UPDATE: Since I wrote this post, I discovered Docker, another very interesting direction in virtual machines.

"Virtualization" is a term that's used pretty regularly – but exactly what do we mean when we use that term? There's roughly three levels of virtualization in use today:

  1. Hardware and CPU emulation. This is the lowest level of virtualization. Most recent implementations emulate a standard PC architecture and run machine code. Despite the recent growth in this area (VMWare, Parallels), this type of virtualization actually dates back to 1972 when IBM released VM/370 for mainframes.
  2. Byte code emulation. This higher level emulation implements an abstract computing environment (registers, memory, instructions) only – there is no true hardware emulation. This type of VM assumes it is running in the context of an operating system that provides all of the facilities hardware peripherals would normally provide. The Java VM, Microsoft's CLR, Python, Ruby and Perl are all examples of this type of VM.
  3. Sandboxing. This high level virtualization modifies the behavior of operating system calls to implement a container ("sandbox") in which normal applications become isolated from other applications and system resources as a matter of policy. Some examples are Apple's App SandboxiOS App Sandbox and Linux Containers.
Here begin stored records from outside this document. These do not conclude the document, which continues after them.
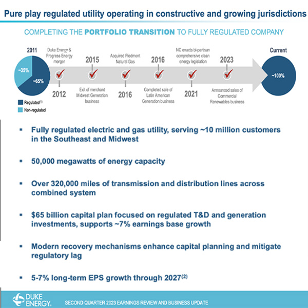 Duke Energy reported earnings of $1.25/share for the second quarter, and its CEO told analysts the company also came out ahead with state and federal legislation.
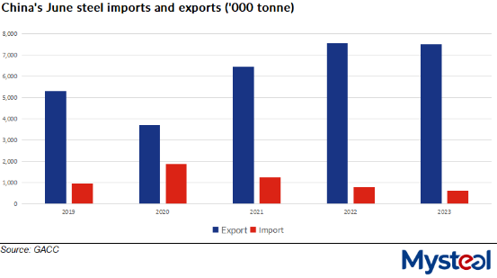 For June alone, however, steel exports declined both on-month and on-year, with the tonnage reaching 7.51 million tonnes, lower by 10% from May and by a tiny 0.6% from June 2022, the Customs data showed.
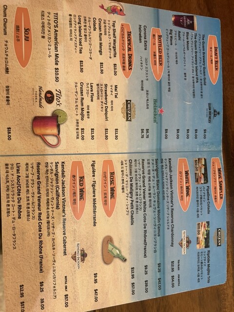 Dusitの南側、大通り沿いにあります。旅行初日5/1の19:30過ぎ、10分程待って入店。妻と2人。ココナッツシュリンプとカリフォルニアシュリンプロール、グアムローカルのIPAビールとモヒートを注文。量が多めなので、2人なら十分です。ココナッツシュリンプはエビのフライですが、アツアツサクサクで美味しいです。ジャガイモかサツマイモのフライが選べますが、サツマイモにして正解。カリフォルニアロールは、しっとり系でした。クリスピーな感じではなかった。そのまま食べると、出汁の味?がしました。添えられたドレッシングで食べた方が、海外に来た感あるかも。エビとアボカドとチーズがクリーミーで美味しいですよ。店内は賑やか。日本・韓国・中国の客でいっぱい。お店の方々はローカルな若い人達が元気に働いていました。
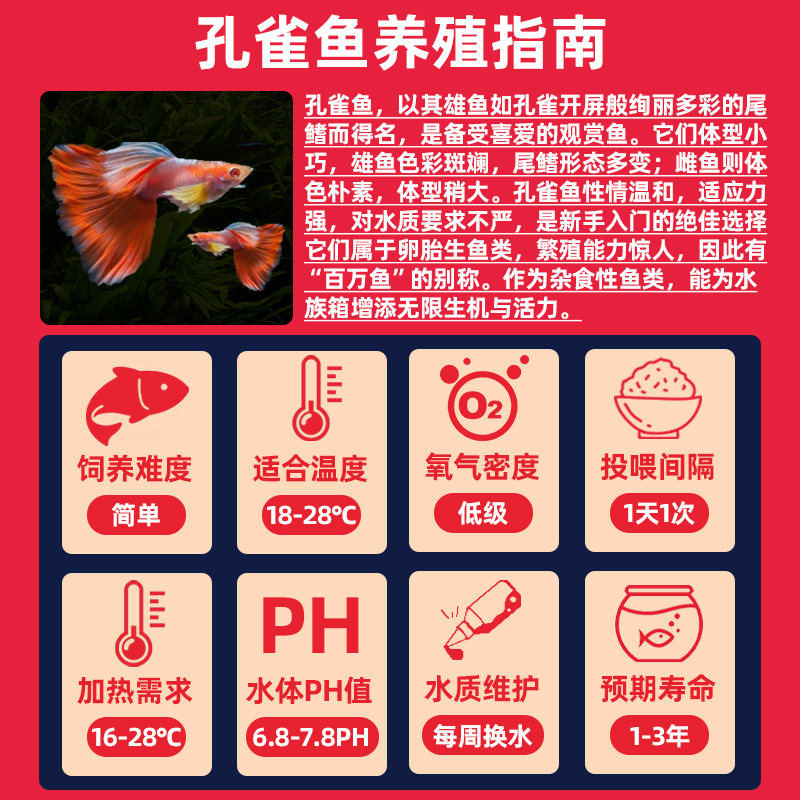 淘孔雀鱼活鱼苗观赏鱼热带小型鱼活体鱼淡水好养耐活精品花老虎孔雀
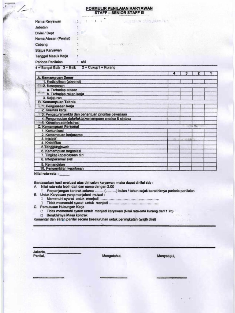 Contoh Form Penilaian Karyawan Cara Mengisinya
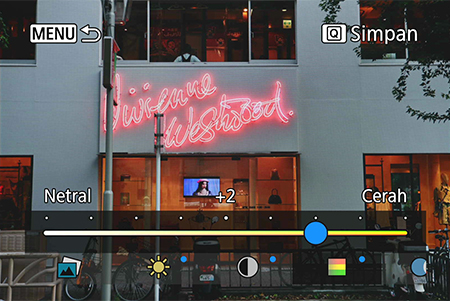 Meningkatkan saturasi, membuat tanda lampu neon terlihat lebih jelas.
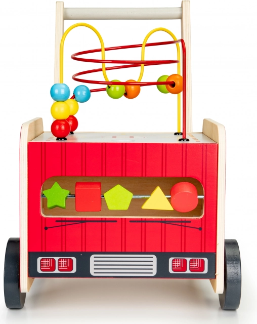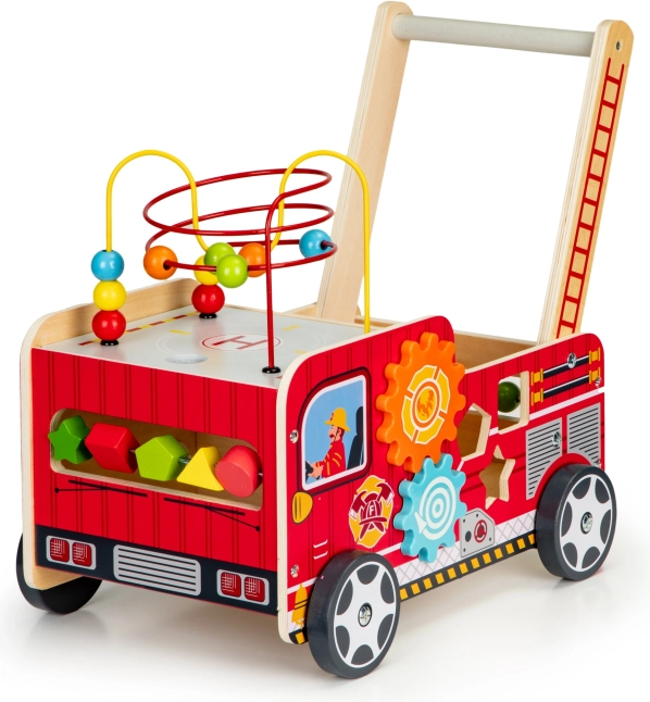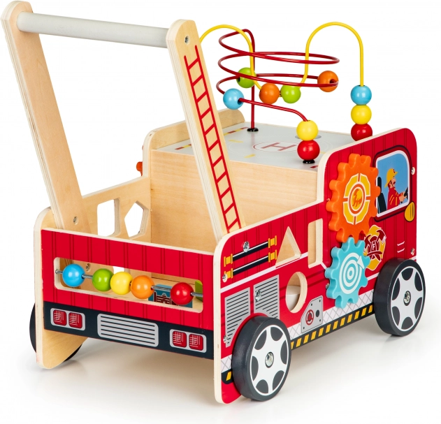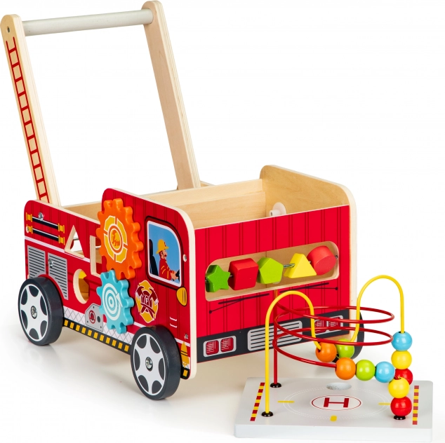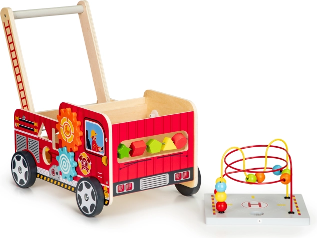 Дървената проходилка във форма на пожарна кола е идеален помощник за първите стъпки на вашето дете. Проходилката е проектирана да осигурява стабилност и същевременно забавление чрез различни интерактивни елементи като зъбни колела, лабиринти с мъниста и сортер на форми.
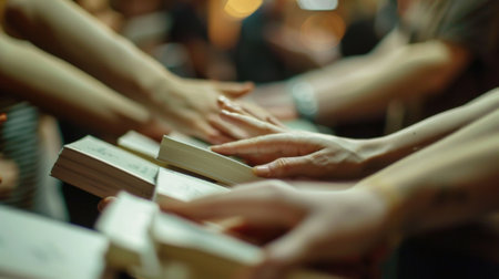Stack of books, blurry background: Charity book flea market, outdoors. Text space.

What all three of these techniques have in common is that they mediate access between an application (or operating system) and it's execution environment. The goals are to increase security, manage resources more reliability and efficiently, and to simplify deployments. Theses benefits are behind the rapid rise of hardware virtualization over the last 5 years.

What's interesting is the parallels between virtualization and the web. A virtualization instance (or virtual machine – VM) creates a virtual environment for each application/operating system to operate within for both security and efficiency reasons. Web browsers also do the same thing with Javascript – each web page has it's own execution environment. You could call it level 2.5 virtualization as it it shares aspects of level 2 and 3 virtualization.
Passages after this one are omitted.